| Problem to work on |
Nothing but the text of the records belongs in your answer: repeat all of it exactly and leave out the images.
::: Material provided :::
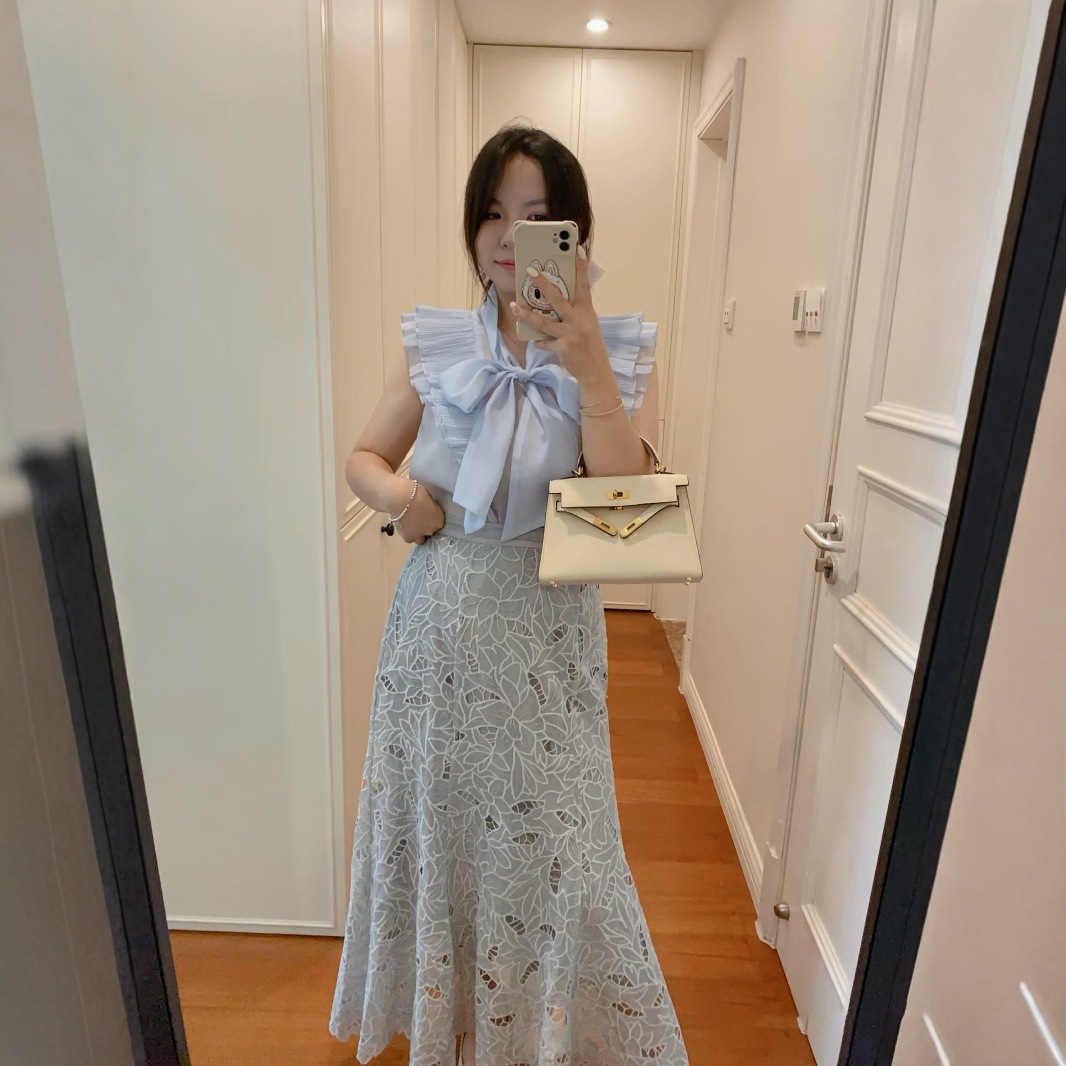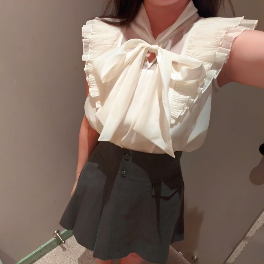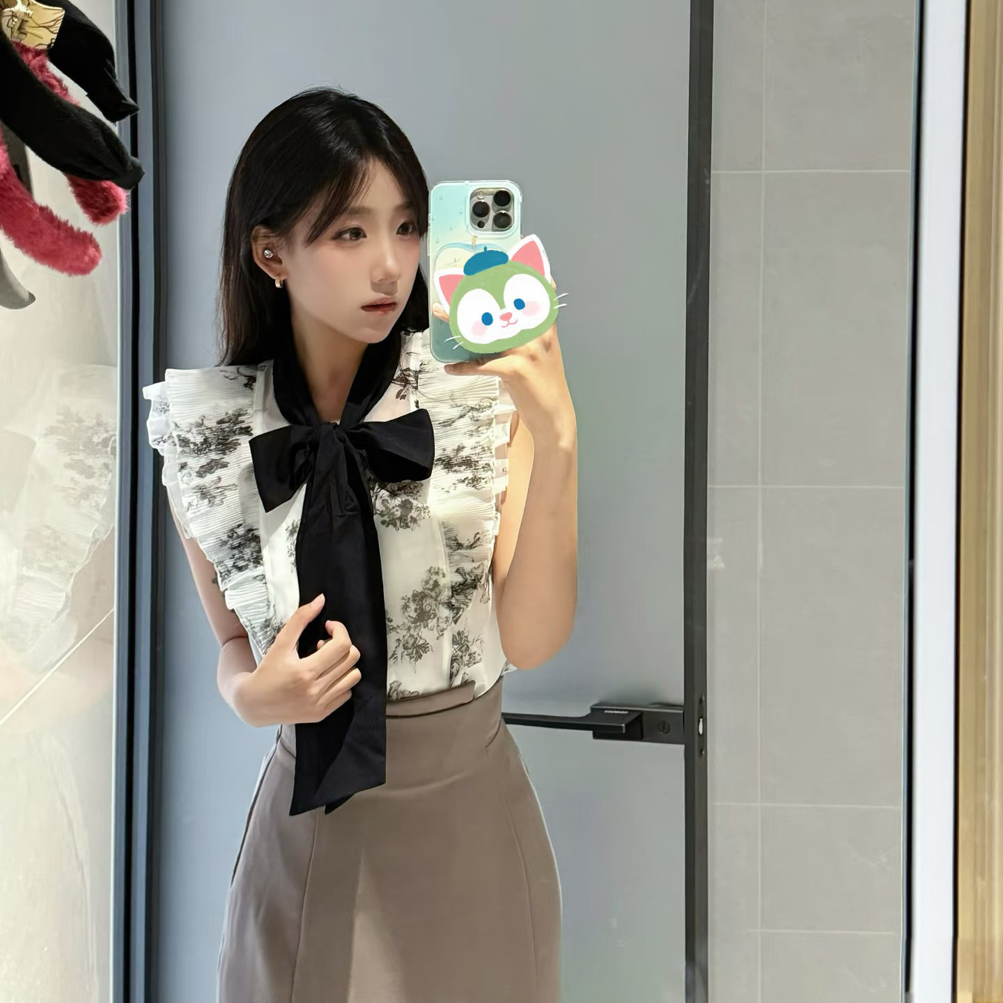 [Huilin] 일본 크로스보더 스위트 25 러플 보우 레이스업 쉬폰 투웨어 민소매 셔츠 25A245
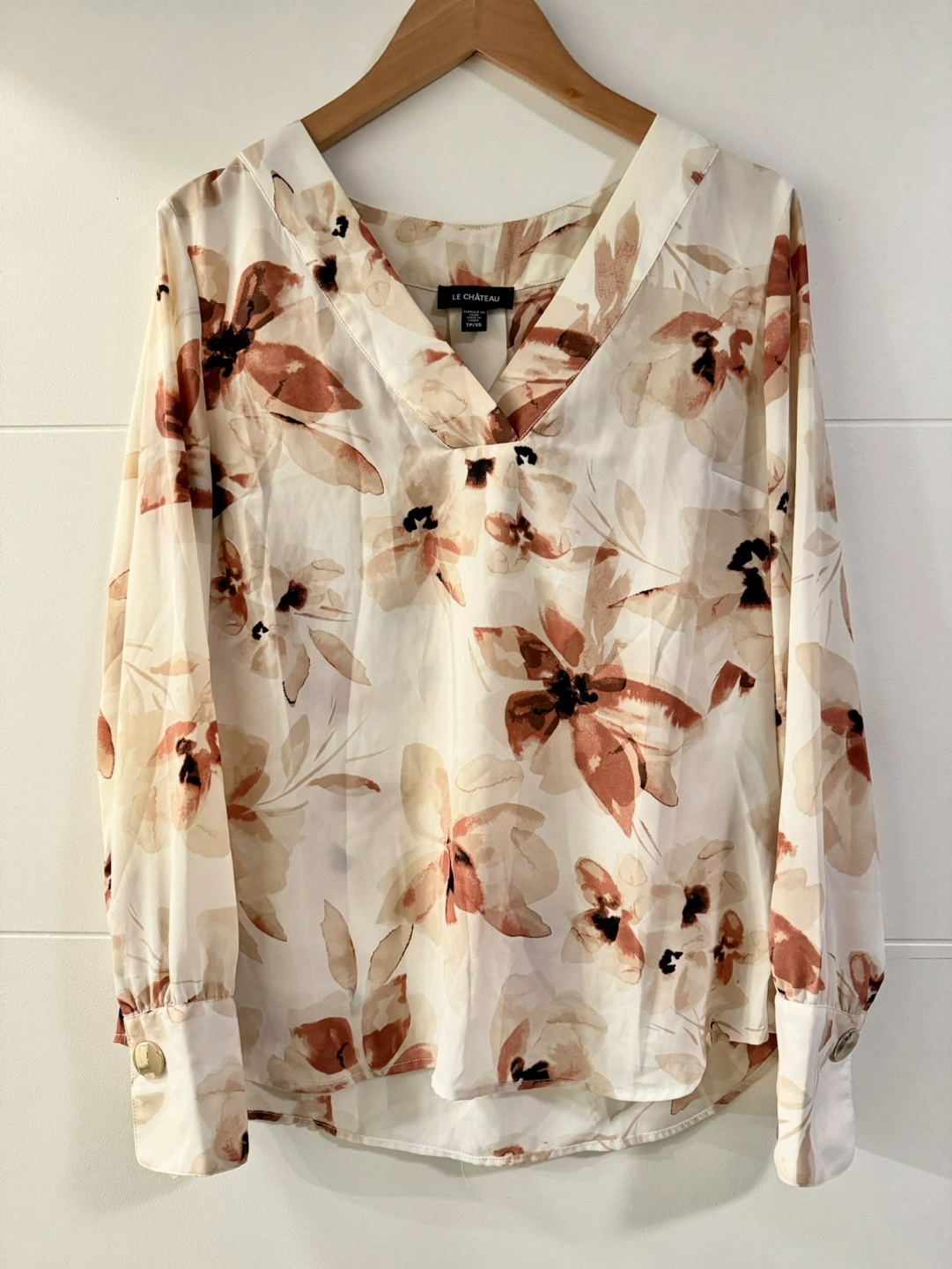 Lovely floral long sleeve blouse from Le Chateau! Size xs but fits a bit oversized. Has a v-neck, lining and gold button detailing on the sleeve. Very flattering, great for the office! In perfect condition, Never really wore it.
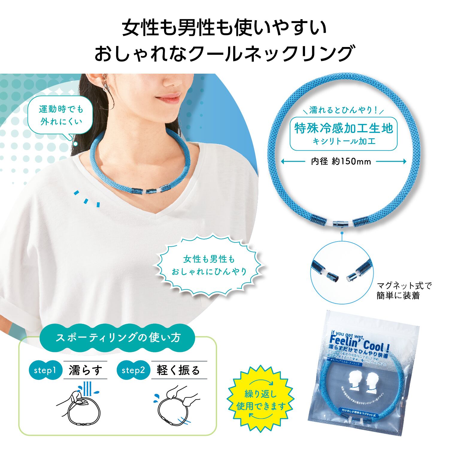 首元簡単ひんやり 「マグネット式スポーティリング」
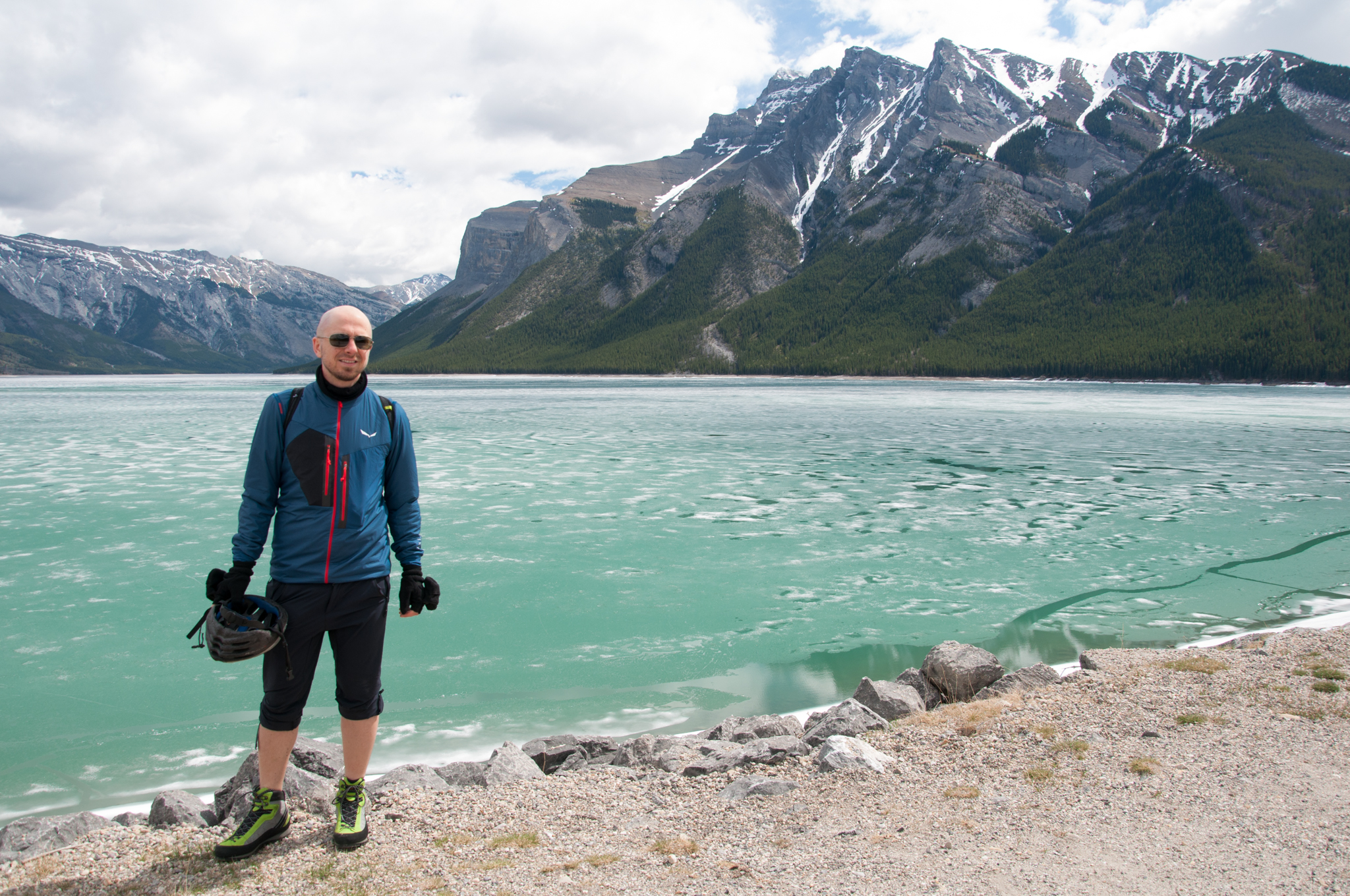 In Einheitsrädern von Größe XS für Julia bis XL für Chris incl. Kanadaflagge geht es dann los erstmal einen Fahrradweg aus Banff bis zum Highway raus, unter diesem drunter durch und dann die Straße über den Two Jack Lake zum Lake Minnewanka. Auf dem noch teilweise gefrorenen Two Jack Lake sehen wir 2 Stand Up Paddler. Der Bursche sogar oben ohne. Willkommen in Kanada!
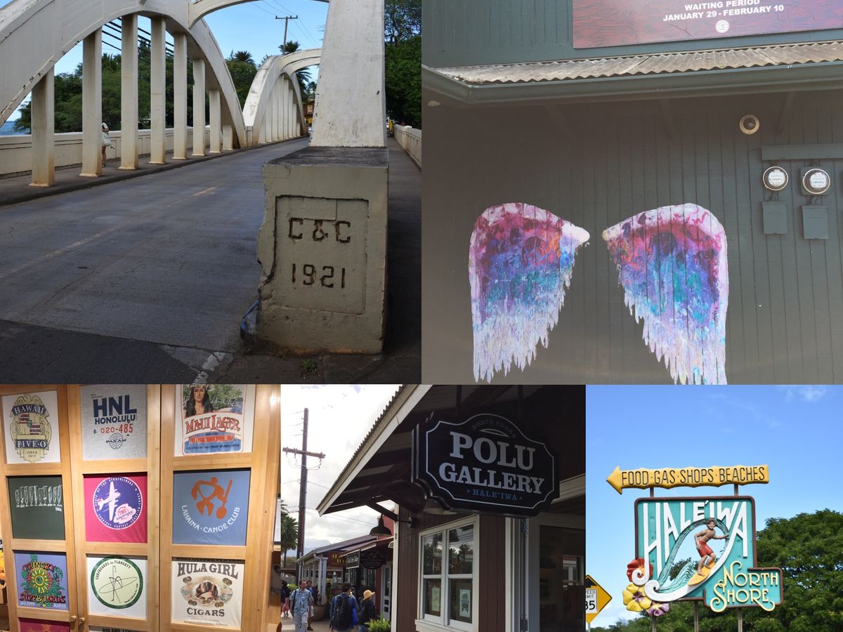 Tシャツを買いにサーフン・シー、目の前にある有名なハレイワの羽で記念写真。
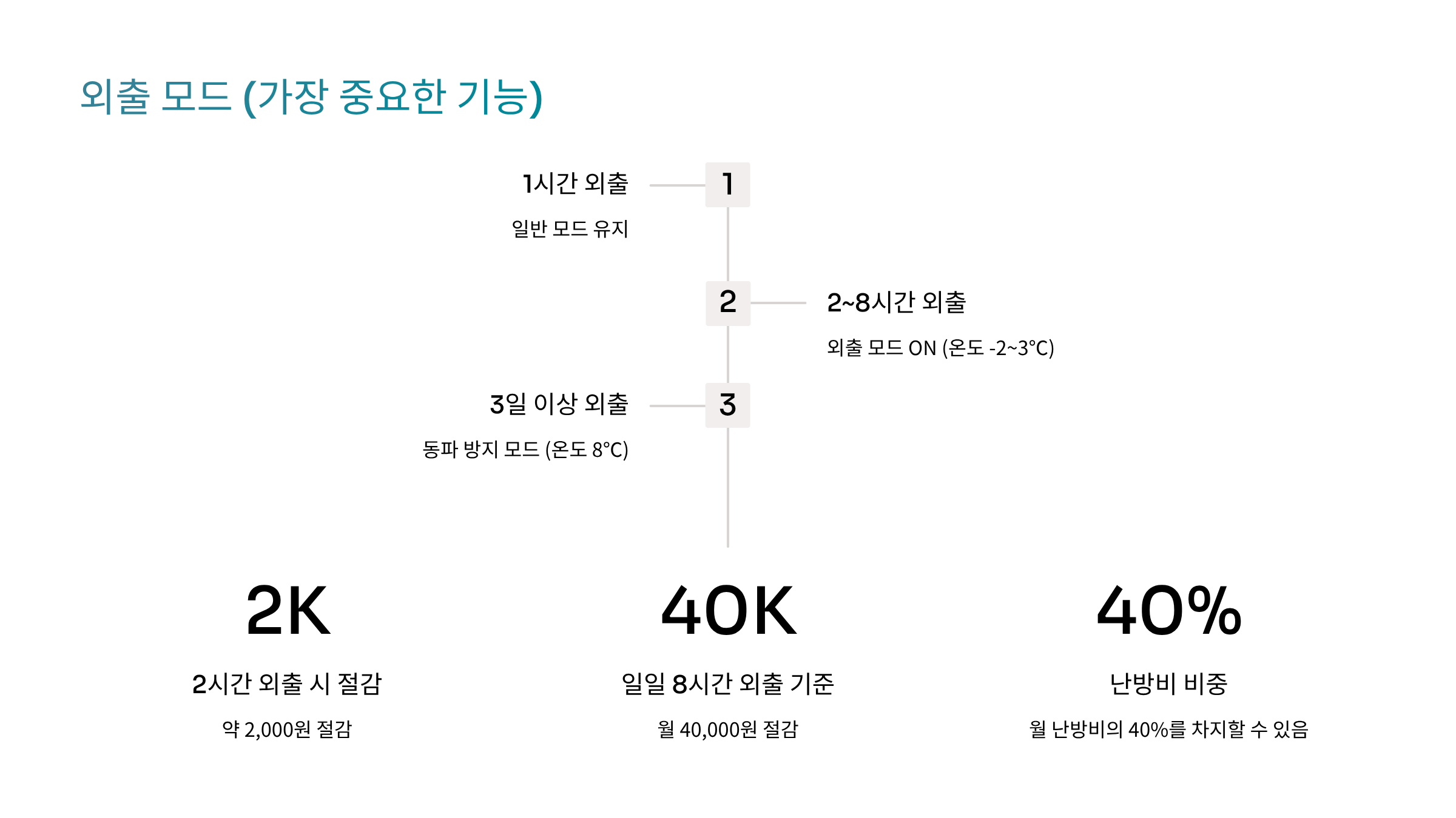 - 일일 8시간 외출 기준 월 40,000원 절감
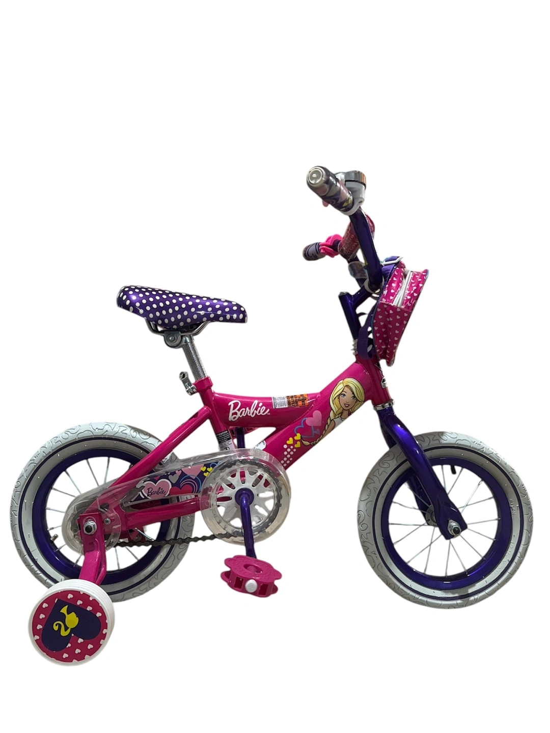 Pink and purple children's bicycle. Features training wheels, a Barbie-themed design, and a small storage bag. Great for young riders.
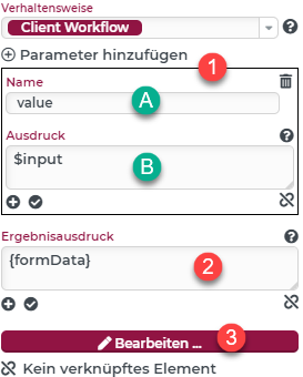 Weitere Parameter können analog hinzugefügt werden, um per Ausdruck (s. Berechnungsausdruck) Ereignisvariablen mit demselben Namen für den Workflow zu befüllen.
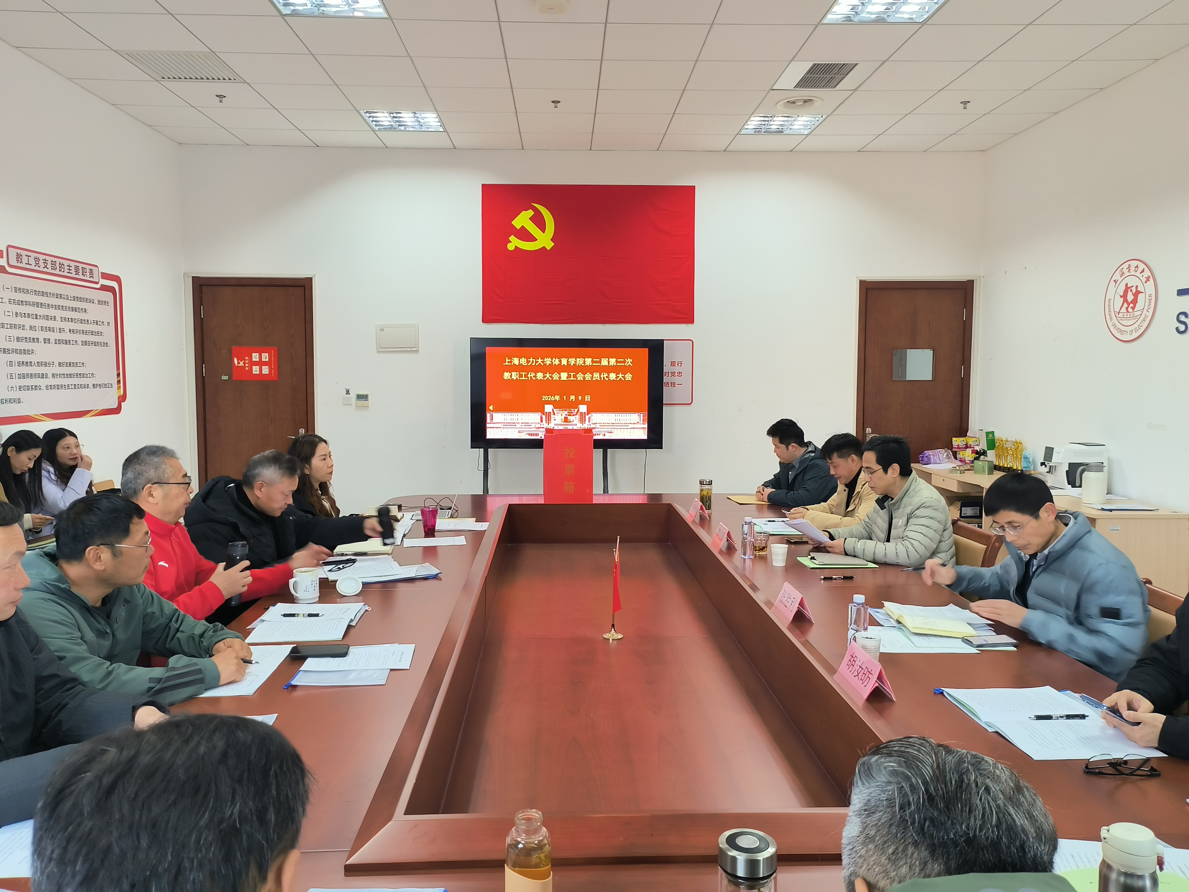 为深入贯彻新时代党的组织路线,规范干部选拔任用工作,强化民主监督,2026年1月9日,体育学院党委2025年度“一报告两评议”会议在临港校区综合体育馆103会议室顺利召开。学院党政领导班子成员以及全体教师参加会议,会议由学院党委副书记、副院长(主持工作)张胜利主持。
:::
| Answer to the exercise |
 [Huilin] 일본 크로스보더 스위트 25 러플 보우 레이스업 쉬폰 투웨어 민소매 셔츠 25A245
 Lovely floral long sleeve blouse from Le Chateau! Size xs but fits a bit oversized. Has a v-neck, lining and gold button detailing on the sleeve. Very flattering, great for the office! In perfect condition, Never really wore it.
 首元簡単ひんやり 「マグネット式スポーティリング」
 In Einheitsrädern von Größe XS für Julia bis XL für Chris incl. Kanadaflagge geht es dann los erstmal einen Fahrradweg aus Banff bis zum Highway raus, unter diesem drunter durch und dann die Straße über den Two Jack Lake zum Lake Minnewanka. Auf dem noch teilweise gefrorenen Two Jack Lake sehen wir 2 Stand Up Paddler. Der Bursche sogar oben ohne. Willkommen in Kanada!
 Tシャツを買いにサーフン・シー、目の前にある有名なハレイワの羽で記念写真。
 - 일일 8시간 외출 기준 월 40,000원 절감
 Pink and purple children's bicycle. Features training wheels, a Barbie-themed design, and a small storage bag. Great for young riders.
 Weitere Parameter können analog hinzugefügt werden, um per Ausdruck (s. Berechnungsausdruck) Ereignisvariablen mit demselben Namen für den Workflow zu befüllen.
 为深入贯彻新时代党的组织路线,规范干部选拔任用工作,强化民主监督,2026年1月9日,体育学院党委2025年度“一报告两评议”会议在临港校区综合体育馆103会议室顺利召开。学院党政领导班子成员以及全体教师参加会议,会议由学院党委副书记、副院长(主持工作)张胜利主持。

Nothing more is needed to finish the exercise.